Drilling down into the deal
Pembina Pipeline will acquire Kinder Morgan Canada in an all-stock deal. It will exchange 0.3068 of its shares for each share of Kinder Morgan Canada, including Kinder Morgan's 70% stake in the company. At that exchange ratio, Pembina Pipeline is paying a whopping 38% premium for Kinder Morgan Canada based on the closing price of both stocks before the deal's announcement.
Pembina Pipeline will also buy the U.S. portion of the Cochin pipeline from Kinder Morgan for $1.55 billion in cash. That will give it full control over the cross-border pipeline. The system ships condensate to the Canadian oil sands region, where it's mixed with the bitumen produced in the area so that it flows through pipes more easily.
The companies expect both deals to close by the first half of next year.
How the transactions will affect Kinder Morgan
This deal does two things for Kinder Morgan. First, it will enable the company to exit Canada eventually. The pipeline giant began its departure last year when it sold the controversial Trans Mountain pipeline to the Canadian government. While the company will initially receive 25 million shares of Pembina (a slightly less than 5% stake), it ultimately expects to sell those shares for cash. Based on the current market value of both companies, Kinder Morgan would net $935 million in pre-tax proceeds.

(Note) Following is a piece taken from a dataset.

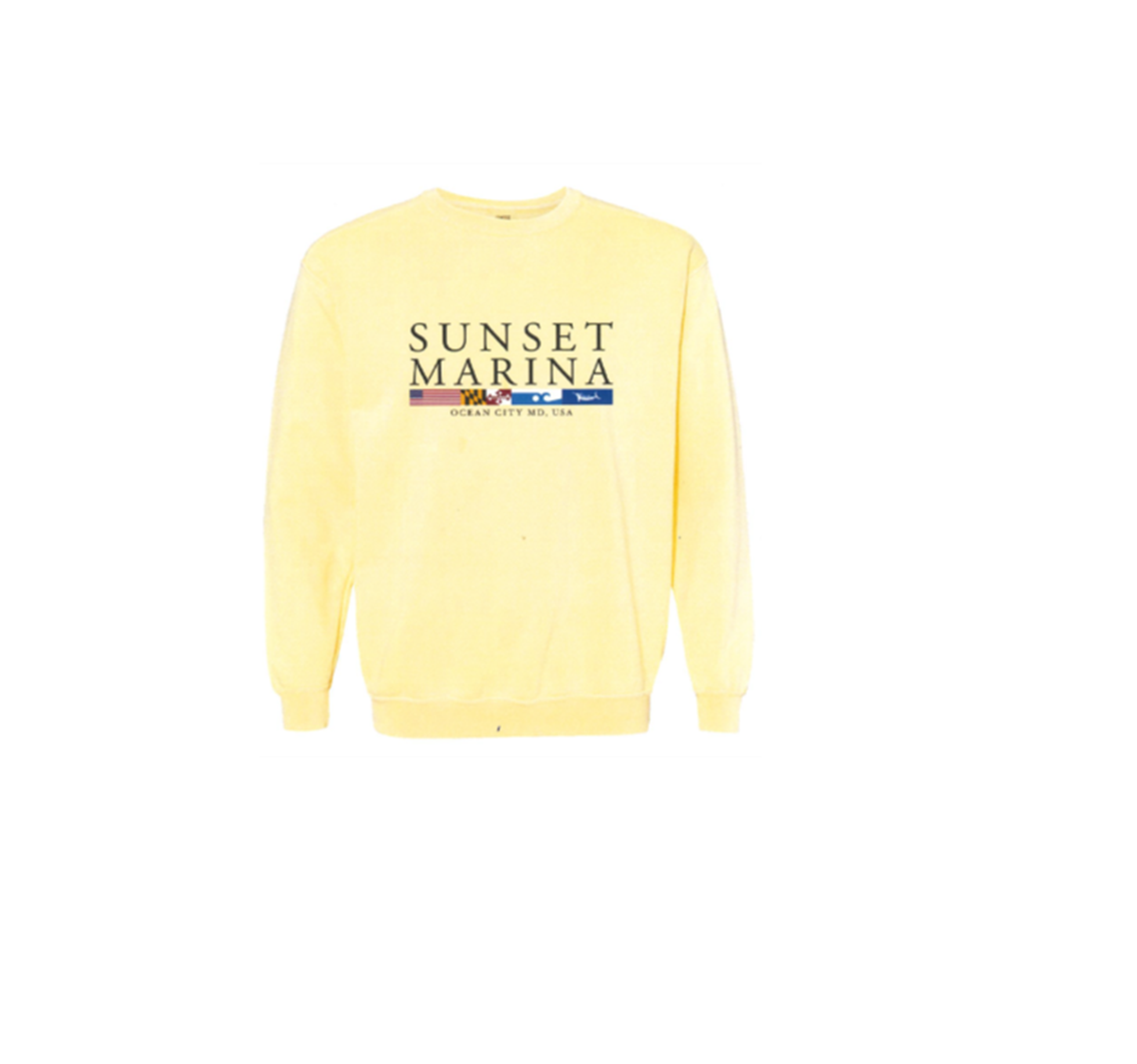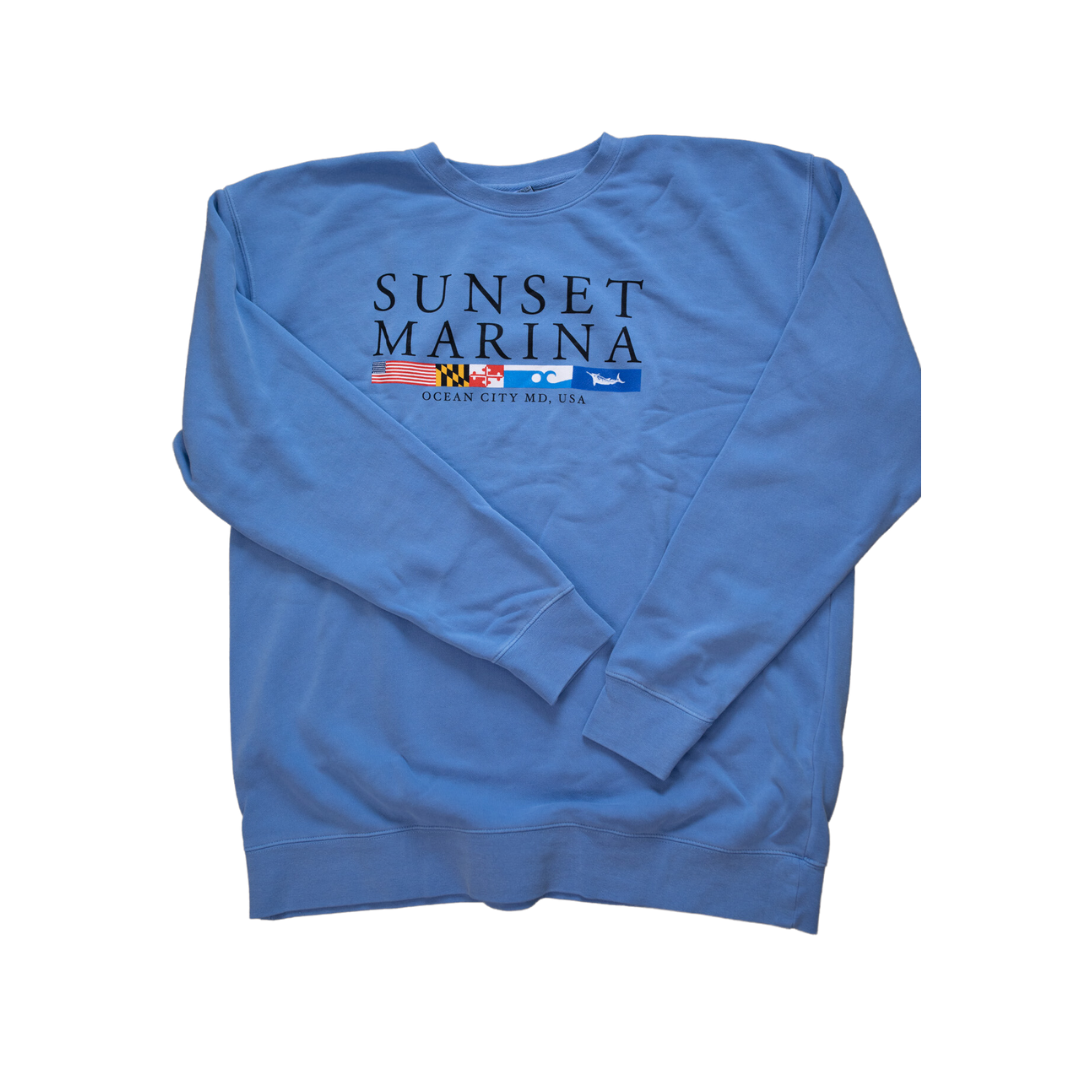 Classic crew-neck sweatshirt in three trendy and flattering color options. Featuring the Sunset Marina logo with various flags underneath. This Sweatshirt is trendy yet simple and tasteful highlighting USA,MD,OCMD,and White Marlin Nautical Flags.

The other benefit of this deal is that it will enhance Kinder Morgan's financial flexibility. The company will get $1.55 billion in cash when it closes the sale of the U.S. portion of the Cochin Pipeline. That implies a 13 times EBITDA multiple, which is a premium value considering that Kinder Morgan currently trades at 10.8 times its EBITDA. The company intends to use that money to pay down debt, which will push its leverage ratio down to 4.4 times net debt to adjusted EBITDA by year-end. That's an improvement from its current forecast that leverage will end 2019 at 4.6 times. Meanwhile, Kinder Morgan intends to use the eventual proceeds from the sale of its Pembina stake to buy back stock and invest in new expansion projects.
The transaction, however, will act as a near-term drag on Kinder Morgan's financial results because it will lose the earnings these assets generated. It will be able to partly offset the lost income through a lower interest expense as it pays down debt. And it will benefit from the earnings it receives from its stake in Pembina. Meanwhile, it could eventually more than offset the lost income by using its enhanced financial flexibility to strategically buy back its stock or invest in high-return expansion opportunities.
A good move by Kinder Morgan
"This is an attractive transaction for Kinder Morgan and Kinder Morgan Canada stockholders," Kinder Morgan CEO Steve Kean said. It will reduce leverage, increase its financial flexibility, and simplify its structure by hastening its exit from Canada. While the transactions will hurt earnings growth in the near term, the longer-term benefits from an enhanced financial profile should far outweigh that headwind.